There has been a lot of dedicated time for discussion about mental health issues in the media recently. From #timetotalk day at the beginning of February, to Eating Disorders Awareness Week a couple of weeks ago. Appropriately for me, there was also an OCD week of action recently. OCD is something I rarely talk about outside the comfort of my own home/CBT session, but its presence in my life is becoming more noticeable as I see people rising to address mental health issues via social media, and I feel I owe it to myself as well as any other OCD sufferers out there to acknowledge OCD for what it is, which is probably way more than most people think it is. According to the OCD week of action is was “time to act”, but in my case I’ve been acting (knowingly) for more than 12 years, and I realised that it’s probably time to stop acting. Contrary to the usual mantra, it may, finally, be time to stop acting and start talking, so here we go.
I don’t feel any need to ‘come out’ about my OCD – no reason to apologise or confess anything in particular. Those who matter to me never ask me to, and never question why I behave the way I do. It’s not something I’ve purposely hidden, but have instead come to keep sealed under an ever-tightening lid of reflexive excuses. After all, it’s not something that arrives easily into conversation, and while in retrospect I wish I’d had the guts to say ‘it might seem like I’m a bit weird but actually it’s OCD’ to every new friend I’ve made over the years, somehow that doesn’t quite work in reality. I know that to a large extent it’s down to the endless stereotypes of neatness, checking the front door twice, using hand sanitizer, and so on, and partly down to the trivialization of the condition by so many people who self-define as being ‘OCD-ish’ because they like to iron their shirts in a certain way. Anyway, it’s obvious that the general public’s idea of OCD is completely misconstrued, so maybe it’s time to explain.

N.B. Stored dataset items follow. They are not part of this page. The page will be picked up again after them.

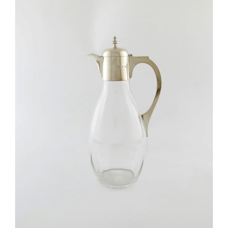 baluster form, plain silver mount with a scroll handle and domed cover with a knop finial, height 27.5cm.
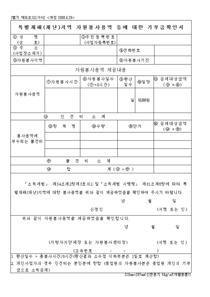 [2008년 연말정산]특별재해(재난)지역 자원봉사용역 기부금 확인서
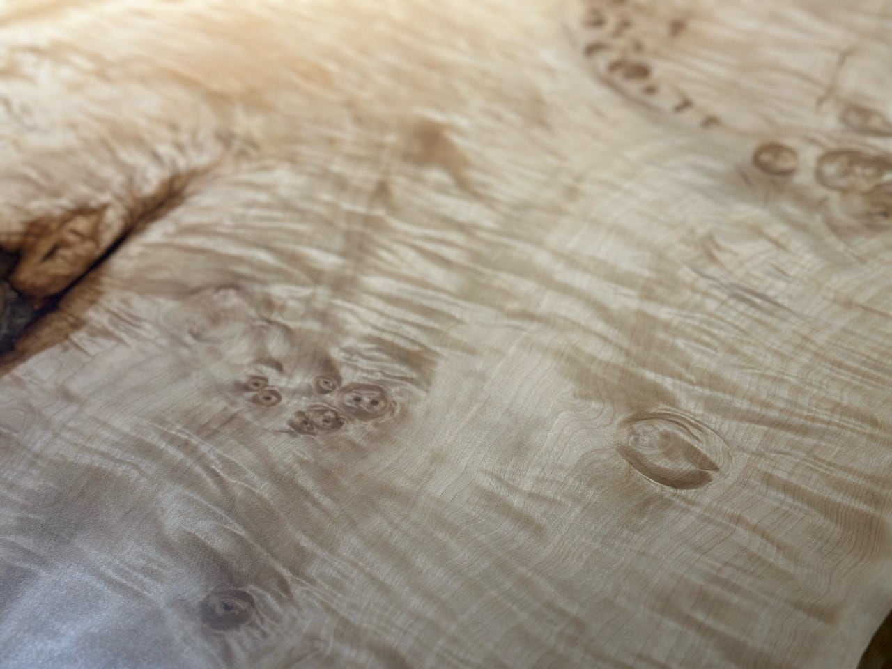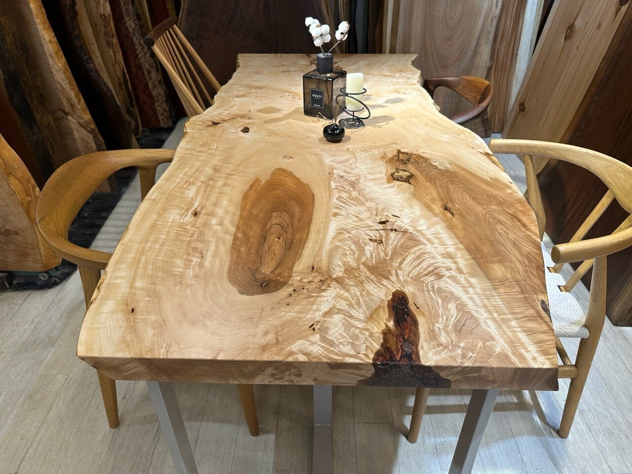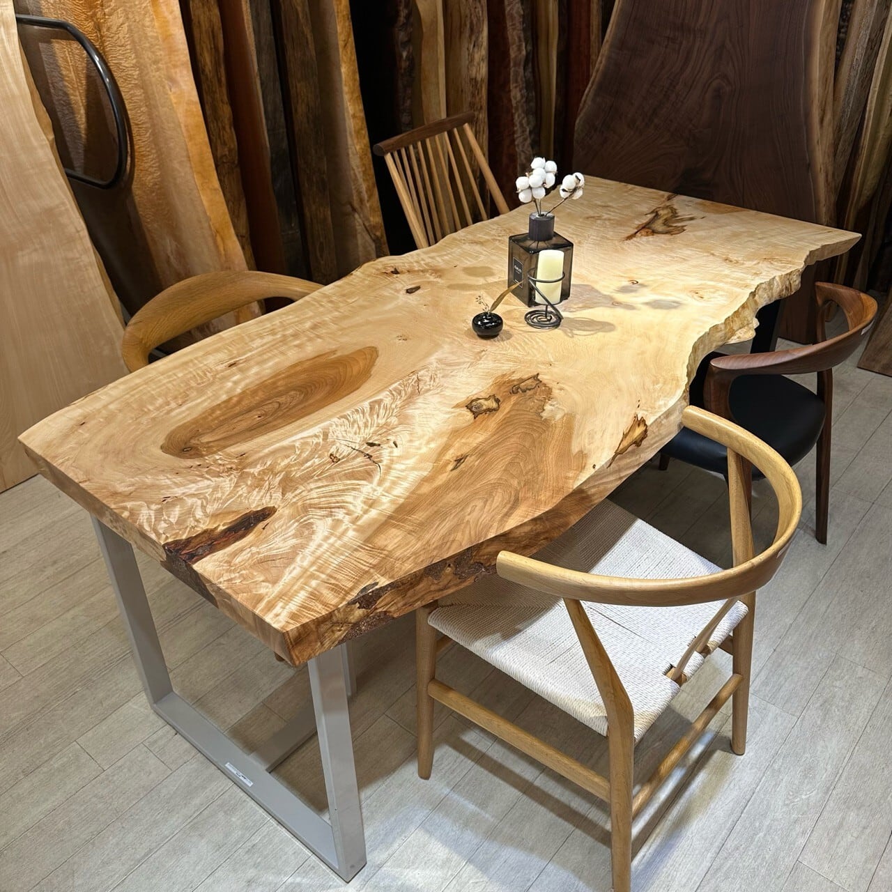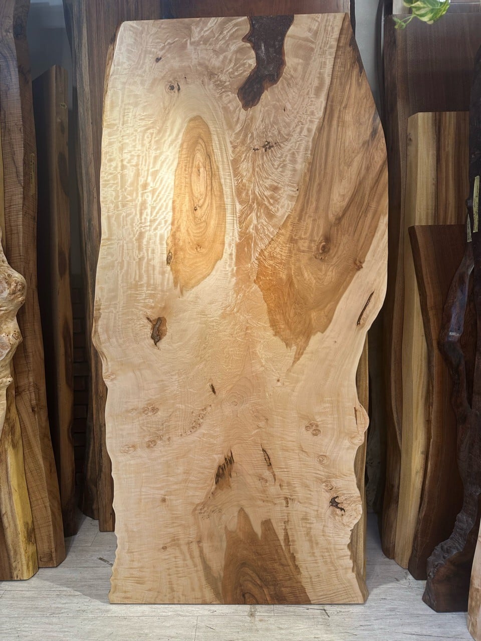 昼光の入射角の変化に伴い杢のトチは豊かに有機的な表情を見せてくれます。
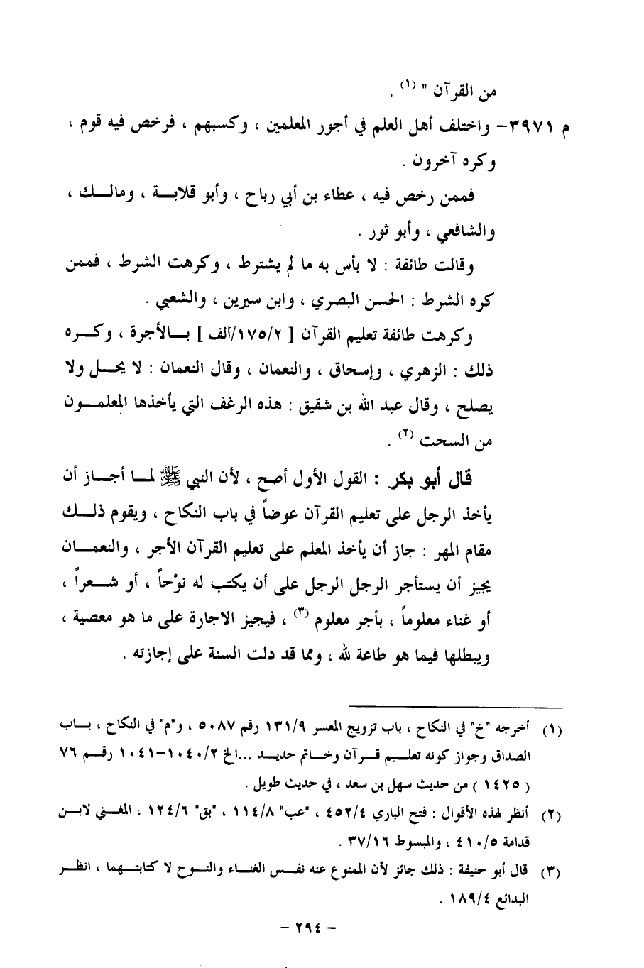 م 3971 - واختلف أهل العلم في أجور المعلمين، وكسبهم، فرخص فيه قوم، وكره آخرون.

OCD: obsessive compulsive disorder. According to OCDaction.org.uk:

intensely negative, repetitive and intrusive thoughts, combined with a chronic feeling of doubt or danger (obsessions). In order to quell the thought or quieten the anxiety, they will often repeat an action, again and again (compulsions).

I would also use the word ‘irrational’ here. Often intensely, ridiculously irrational but perfectly sensible and obvious to the obsessive compulsive person. There is nothing obsessive, compulsive or indeed irrational about washing hands before eating. I think that actually comes under ‘good personal hygiene’.

As this is a condition that is very much grounded in behaviours, OCD symptoms are unlike the symptoms of many other mental health issues because they are (often) visible. You need to look closely, but they are there. It has been my preoccupation over the past 12 years to make them as invisible as possible, and while in some ways this has been a therapy in itself, it’s also caused a whole load of compulsive behaviours to stay locked up as habits and reflexes. I should add here that at the moment I’m more on top of these habits and behaviours than I have been in a long time – some days I’m not even aware of the presence of an OCD in my life, and I know that this makes me one of the lucky ones. But when I think back over time and how the behaviours that I see as ‘mine’ have mutated, largely alongside the periods of life that have been the most difficult, I’m generally pretty amazed by the way this thing has taken hold of me. Strangest of all, some of the things that I could never have faced back in the early days of my OCD diagnosis are perfectly fine for me now, while back then I was able to do things that I wouldn’t dream of doing now. And when I see other people doing those things (which I do, every single hour of every single day), my insides recoil in horror and I experience just a prickle of the fear that stops me from doing them myself. Weird eh? However, this also gives me hope that one day I might not be this weird at all – maybe one day I’ll be able to do it all, and that would be awesome.

A little mantra that I go by is ‘get out of your comfort zone’. Usually I’m referring to PhD-related activities, or to running or climbing or even trying a new kind of food or music genre, but in reality outside my comfort zone is my default setting, and it’s when my comfort zone is completely out of sight that the OCD behaviours really take hold; generally during periods of high pressure, stress or upset, or when there are lots of people to deal with all at once. There are other times when I’m able to push those comfort zone boundaries as far as I can, and naturally this is during periods when I’m especially chilled out or having fun – it’s the reason I can run in races (pre-marathon toilets are no one’s idea of a safe environment) and that I’ve surprised myself so much on occasions at friends’ houses when all of my OCD behaviours go out the window and I can chill out with a glass of wine. Those days are the best.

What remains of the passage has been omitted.